Data records
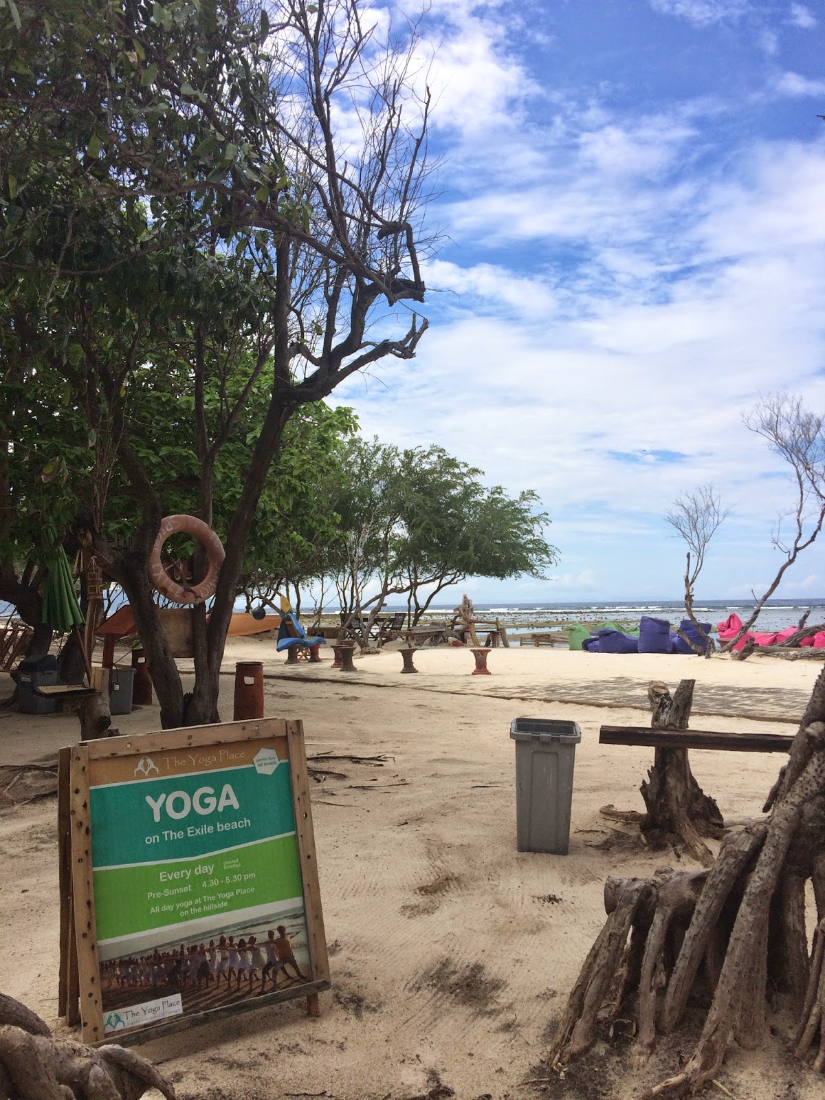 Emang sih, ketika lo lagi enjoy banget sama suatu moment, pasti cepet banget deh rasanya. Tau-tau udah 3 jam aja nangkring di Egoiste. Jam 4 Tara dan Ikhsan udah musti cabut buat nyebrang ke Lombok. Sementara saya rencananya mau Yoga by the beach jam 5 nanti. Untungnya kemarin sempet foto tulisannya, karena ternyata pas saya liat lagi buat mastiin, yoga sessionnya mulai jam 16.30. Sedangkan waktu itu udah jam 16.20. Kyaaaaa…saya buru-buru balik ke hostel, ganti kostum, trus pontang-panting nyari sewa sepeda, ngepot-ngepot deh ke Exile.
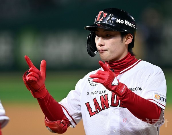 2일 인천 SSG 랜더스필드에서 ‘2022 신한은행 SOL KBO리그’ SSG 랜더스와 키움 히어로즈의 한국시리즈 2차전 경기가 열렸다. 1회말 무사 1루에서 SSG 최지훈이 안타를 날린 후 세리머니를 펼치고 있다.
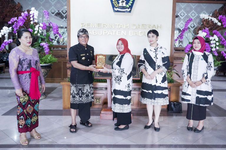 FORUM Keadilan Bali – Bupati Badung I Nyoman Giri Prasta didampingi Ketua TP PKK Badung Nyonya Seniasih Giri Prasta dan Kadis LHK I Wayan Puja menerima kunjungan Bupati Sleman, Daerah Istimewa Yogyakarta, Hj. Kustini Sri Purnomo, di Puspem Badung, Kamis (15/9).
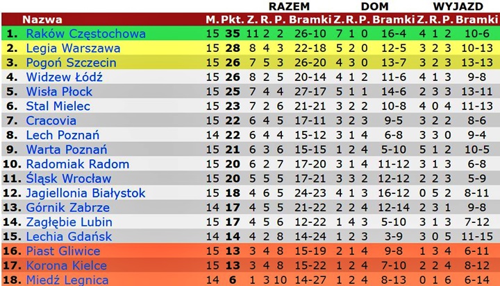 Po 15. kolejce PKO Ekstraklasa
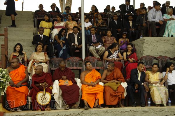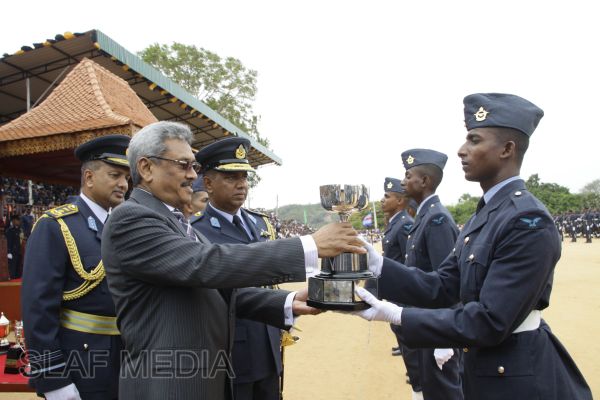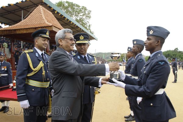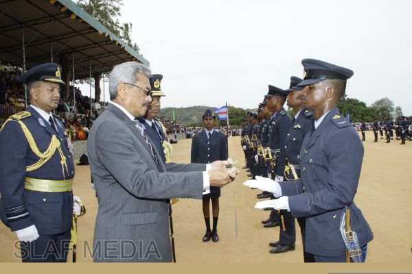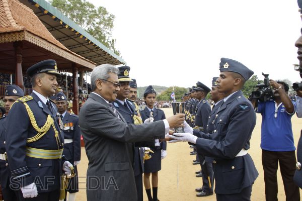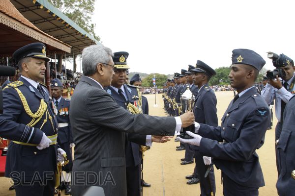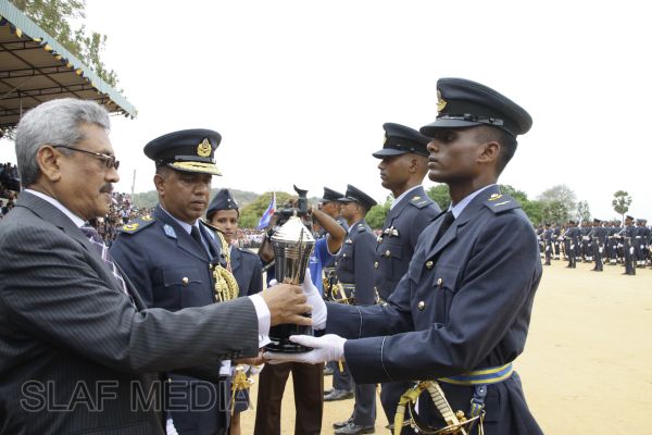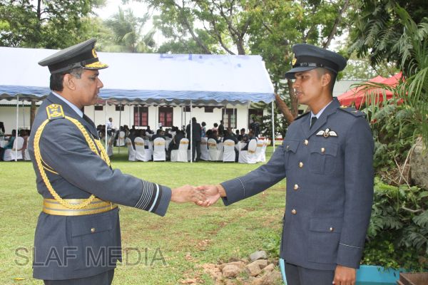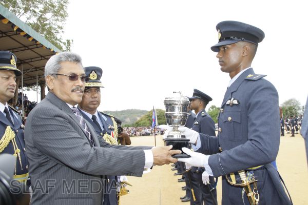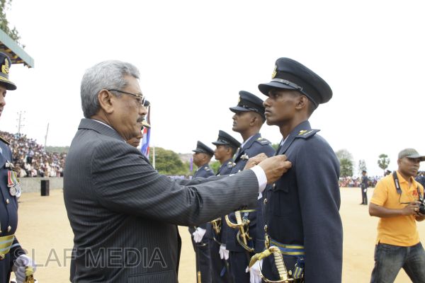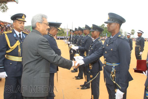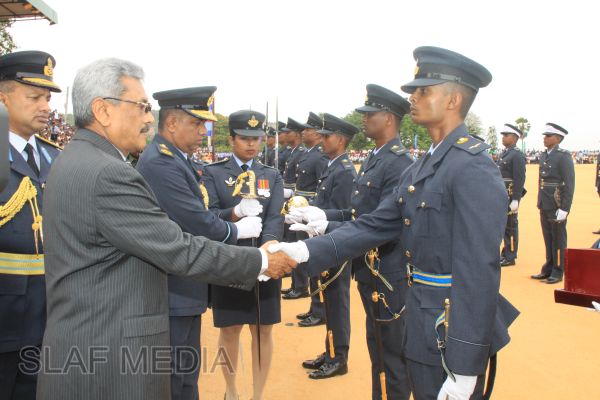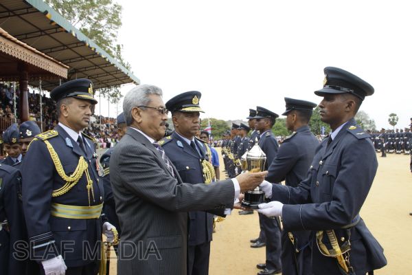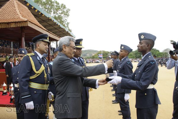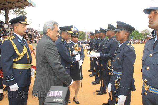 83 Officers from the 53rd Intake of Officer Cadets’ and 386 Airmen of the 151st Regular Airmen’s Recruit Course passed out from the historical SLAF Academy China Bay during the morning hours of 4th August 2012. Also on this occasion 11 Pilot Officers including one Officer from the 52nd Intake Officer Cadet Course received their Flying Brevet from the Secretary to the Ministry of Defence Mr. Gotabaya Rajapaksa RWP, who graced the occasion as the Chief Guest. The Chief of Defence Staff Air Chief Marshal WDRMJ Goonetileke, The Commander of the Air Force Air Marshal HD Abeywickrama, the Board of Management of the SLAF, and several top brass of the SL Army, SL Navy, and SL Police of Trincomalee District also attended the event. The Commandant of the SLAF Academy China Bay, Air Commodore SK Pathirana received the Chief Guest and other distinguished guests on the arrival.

• Task description
Transcribe each entry above exactly, apart from the pictures.

• Response
 Emang sih, ketika lo lagi enjoy banget sama suatu moment, pasti cepet banget deh rasanya. Tau-tau udah 3 jam aja nangkring di Egoiste. Jam 4 Tara dan Ikhsan udah musti cabut buat nyebrang ke Lombok. Sementara saya rencananya mau Yoga by the beach jam 5 nanti. Untungnya kemarin sempet foto tulisannya, karena ternyata pas saya liat lagi buat mastiin, yoga sessionnya mulai jam 16.30. Sedangkan waktu itu udah jam 16.20. Kyaaaaa…saya buru-buru balik ke hostel, ganti kostum, trus pontang-panting nyari sewa sepeda, ngepot-ngepot deh ke Exile.
 2일 인천 SSG 랜더스필드에서 ‘2022 신한은행 SOL KBO리그’ SSG 랜더스와 키움 히어로즈의 한국시리즈 2차전 경기가 열렸다. 1회말 무사 1루에서 SSG 최지훈이 안타를 날린 후 세리머니를 펼치고 있다.
 FORUM Keadilan Bali – Bupati Badung I Nyoman Giri Prasta didampingi Ketua TP PKK Badung Nyonya Seniasih Giri Prasta dan Kadis LHK I Wayan Puja menerima kunjungan Bupati Sleman, Daerah Istimewa Yogyakarta, Hj. Kustini Sri Purnomo, di Puspem Badung, Kamis (15/9).
 Po 15. kolejce PKO Ekstraklasa
 83 Officers from the 53rd Intake of Officer Cadets’ and 386 Airmen of the 151st Regular Airmen’s Recruit Course passed out from the historical SLAF Academy China Bay during the morning hours of 4th August 2012. Also on this occasion 11 Pilot Officers including one Officer from the 52nd Intake Officer Cadet Course received their Flying Brevet from the Secretary to the Ministry of Defence Mr. Gotabaya Rajapaksa RWP, who graced the occasion as the Chief Guest. The Chief of Defence Staff Air Chief Marshal WDRMJ Goonetileke, The Commander of the Air Force Air Marshal HD Abeywickrama, the Board of Management of the SLAF, and several top brass of the SL Army, SL Navy, and SL Police of Trincomalee District also attended the event. The Commandant of the SLAF Academy China Bay, Air Commodore SK Pathirana received the Chief Guest and other distinguished guests on the arrival.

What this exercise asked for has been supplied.